# Signs of them being bonded



## devilangel09 (Feb 5, 2008)

I've got 4 tiels in a cage what are the signs of them being bonded?
Also would 2 pairs breed happily in the same cage( if big enough) happily?


----------



## sunnysmom (Sep 23, 2011)

Here is an article on teh subject of tiels being bonded. Not sure about the cage question.

http://talkcockatiels.com/showthread.php?p=340169#post340169


----------



## roxy culver (May 27, 2010)

As to the cage question, no. I tried that, and it ended up in fights, even with the cages at the same height. There's just not enough room. Its best if they are each in their own cage. Its for the baby's sake as well, if the parents get in a fight in the box, the babies could get trampled. So I would definitely go with two separate cages for breeding.


----------



## devilangel09 (Feb 5, 2008)

Ah right thanks  is a tough one lol the male always wants to be with the female in most cases but unsure about the hen wanting to be with his haven't seen them preen. If I get the female out and bring her to another room the male calls to her she calls back and he follows

Then with a diff pair the male asks to be preened yet then the possible hen doesn't and just sits there plus I think she's partially sighted.


----------



## roxy culver (May 27, 2010)

The 2nd pair doesn't sound bonded but the first pair does.


----------



## klaviary (Apr 7, 2010)

Bonded or not, two pairs in the same cage often ends up with one dominant pair controlling both nestboxes.  You may also get one dominant male mating both hens.

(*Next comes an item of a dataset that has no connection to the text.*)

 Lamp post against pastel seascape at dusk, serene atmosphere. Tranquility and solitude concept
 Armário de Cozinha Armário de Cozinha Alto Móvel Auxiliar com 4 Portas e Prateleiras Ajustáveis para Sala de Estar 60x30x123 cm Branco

Parentage, no matter who is sitting and feeding the babies is always sketchy this way.  Good luck!


----------



## devilangel09 (Feb 5, 2008)

Lol yeah was just curious about breeding 2 pairs in a cage my cage isn't big enough. 

So guess I have to keep an eye on tiger and her mate and see how they go when the season comes


----------



## devilangel09 (Feb 5, 2008)

This is a pic of the first 2







the boy







my lil girl


----------